I'm getting really confused by all of this so I hope someone can help me. I've been reading my manual and the internet for hours looking for answers but can't seem to find one that works. I have unpaired and paired my phone to my bluetooth in my car several times.


----------



## obermd (Mar 3, 2012)

#1 is most likely the phone. Other people have the same phone without this problem.

#2 is a bug in the Android 2.3.x Gingerbread. Google changed how the Bluetooth contacts operate between Froyo (2.2.x) and Gingerbread. I don't know if this change was intentional or a bug, however.


----------



## Chevy Customer Care (Oct 29, 2011)

meglynn206 said:


> I am having a few issues with my bluetooth in my 2012 Chevy Cruze LTZ. I have an HTC Evo 4G through Sprint
> 
> 1. I turn the bluetooth on on my phone and it says it's connected, however sometimes if I get a call or make a call I will give the commands through the audio and then the music comes back on and the call is going through my phone, not my car audio?? Also, sometimes I turn my bluetooth on my phone and the car doesn't recognize it, it won't connect. It says "paired but not connected" It's really annoying to have to keep deleting the profile and repairing...
> 
> ...




meglynn20,
Are you still experiencing this issue? If you are, I would suggest that you contact your local dealership about this. If you would like me to contact them and set up your appointment please send me a PM with your name, phone number, VIN and the name of your dealership. Either way, please keep me posted on this. If you have any other questions, comments or concerns please feel free to contact me.
Thank you,
Stacy Chevrolet Customer Service


----------



## BRW (Sep 6, 2012)

I also had the same problem with my 2012 cruze. I have not been able to get the Bluetooth to work correctly since I have had it. I have a Motorola droid X2. My salesman was able to contact his droid x to the vehicle, and it worked most of the time, but not so for my phone. My wife also has the same type of phone, a Motorola droid x2, it will not work either. It does the same thing that everyone else is complaining about. It will pair to the car, and both the car and the phone say that they are connected. Yet when I try to make a phone call, it says unable to make a call with your Bluetooth device. I can tell when the phone in the vehicle are connected because of the Bluetooth icon that appears on the screen of the car. The icon will come and go. My salesman finally told me that the car is up to date with the latest Bluetooth frequencies. He said that the OnStar system will update as new frequencies become available. He says the problem is with my phone.

I will be able to upgrade my phone with Verizon within the next six weeks, and am trying to figure out which phone I should get it so that it will work with my car. I'm thinking about staying away from Motorola and going with something like HTC. Does anybody have any advice for me?
I've only had the car for five days. Another option would be just to take the car back. Connectivity in my vehicle is important to me.

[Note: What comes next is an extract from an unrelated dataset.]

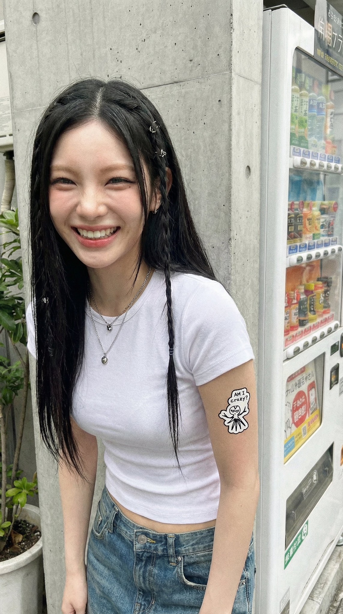 Copy【inky-black long straight hair with cool blue undertone, ultra-smooth surface with fine reflective strands, center-parted with micro braids inserted asymmetrically along the sides, secured with tiny silver hair pins, natural separation and slight movement at the ends outfit: fitted white short-sleeve baby tee with clean stretch fabric, mid-rise faded blue straight-leg denim with soft wear texture, black canvas low-top sneakers with white rubber toe cap】 Casual street state layered with micro styling interventions, spontaneous emotion output recorded under low-structure environment.

New note: after I posted this I continued to read through the forum. I found several instances where people said that if they would "deny" the car access to your phonebook in your phone, then it would work. I figured I had put so many hours into this already, that it wouldn't hurt to go out and try it one last time. Well, lo and behold, it works! I turned the car on and off multiple times and each time it was able to automatically link back to my phone when I turned the car back on. And also each time I turned the car back on and it indicated that it had connected, I tried to make a phone call. I was successful every time. When I was attempting to pair the phone at the dealership as well as following all instructions that I had seen, I was always led to believe that you should say yes when allowing the car access to the phone book in your phone. I can see now that this is what was causing the system to get jacked up. I really can't see any reason why you would need to allow the car access to your phone book anyway. If there are numbers that you need to call on a regular basis but you don't remember number, just take the time to enter it into the phonebook of the car itself. It only takes a minute per entry, has since you tell the car the name of the contact it has your voice as a tag that it can recognize. It works every time.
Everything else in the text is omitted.